Verantwortlich für die Veränderungen sind verschiedene Effekte:

  • Änderung der Lufttemperatur (und damit der Dichte der Luft)
  • Änderung der Traggastemperatur (z.B. durch Aufheizung der Hülle durch die Sonne)
  • Verbrauch von Kraftstoff
  • Aufnahme von zusätzlichem Ballast (z.B. Niederschlag auf der Hülle)
  • Abgabe von Ballast (z.B. während eines Flugmanövers oder Abwurf von Lasten)

Luftschiffe können diese Auftriebsänderungen auf verschiedene Arten ausgleichen.
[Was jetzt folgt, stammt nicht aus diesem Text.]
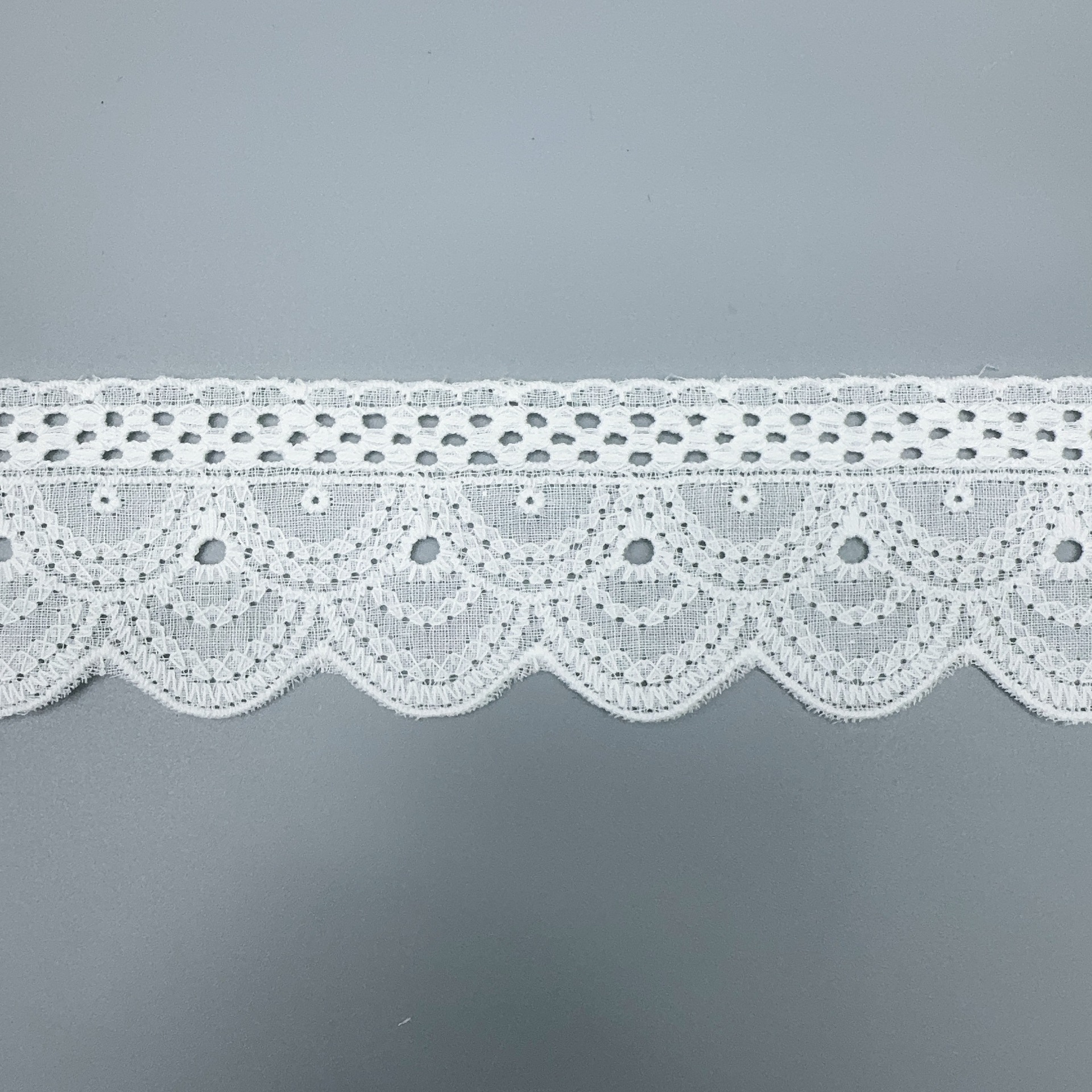 Embroidery edge products are manufactured in one piece, and it may occur that some positions have skipped stitches.It's normal.

  • Nutzung des dynamischen Auf- bzw. Abtriebs
  • Auftriebserhöhung durch Ballastabgabe. Dies geschieht meist durch Ablassen von speziell dafür mitgeführtem Ballastwasser. Bei Ballons werden häufig Sandsäcke abgeworfen
  • Auftriebsverringerung durch Ablassen von Traggas oder Aufnehmen von zusätzlichem Ballast.
  • Durch Veränderung der Dichte des Traggases (Erwärmen=Auftriebsteigerung, Abkühlen=Auftriebsverringerung)

Auftrieb durch Kraftstoffverbrauch

Vor allem bei den historischen Großluftschiffen (besonders bei Zeppelinen) wurde der Problematik des zunehmenden Auftriebs durch Verbrauchen des Kraftstoffes einige Aufmerksamkeit geschenkt. Bei einer Fahrt von Frankfurt am Main nach Lakehurst, USA mit einem Luftschiff in der Größe der Hindenburg wurden etwa 54 t Dieselöl verbraucht. Dies entspricht dem Auftrieb, den 48.000 Kubikmeter Wasserstoff erzeugen. Vergleicht man diesen Wert mit dem Gesamttraggasvolumen von fast 200.000 m³, so erkennt man, dass dies fast ein Viertel des Gesamtvolumens ausmacht. Diese Menge müsste dann am Zielflughafen durch neues Traggas ersetzt werden.

Auftriebsausgleich

Man verfolgte bei Zeppelin zwei Strategien, um das Ablassen von Traggas zu vermeiden:

  1. Verwendung eines Kraftstoffes, der die gleiche Dichte wie Luft hatte und daher keine Auftriebssteigerung beim Verbrauch verursacht.
  2. Gewinnung von Ballast während der Fahrt. Man beschäftigte sich praktischerweise mit der Gewinnung von Wasser als Ballast.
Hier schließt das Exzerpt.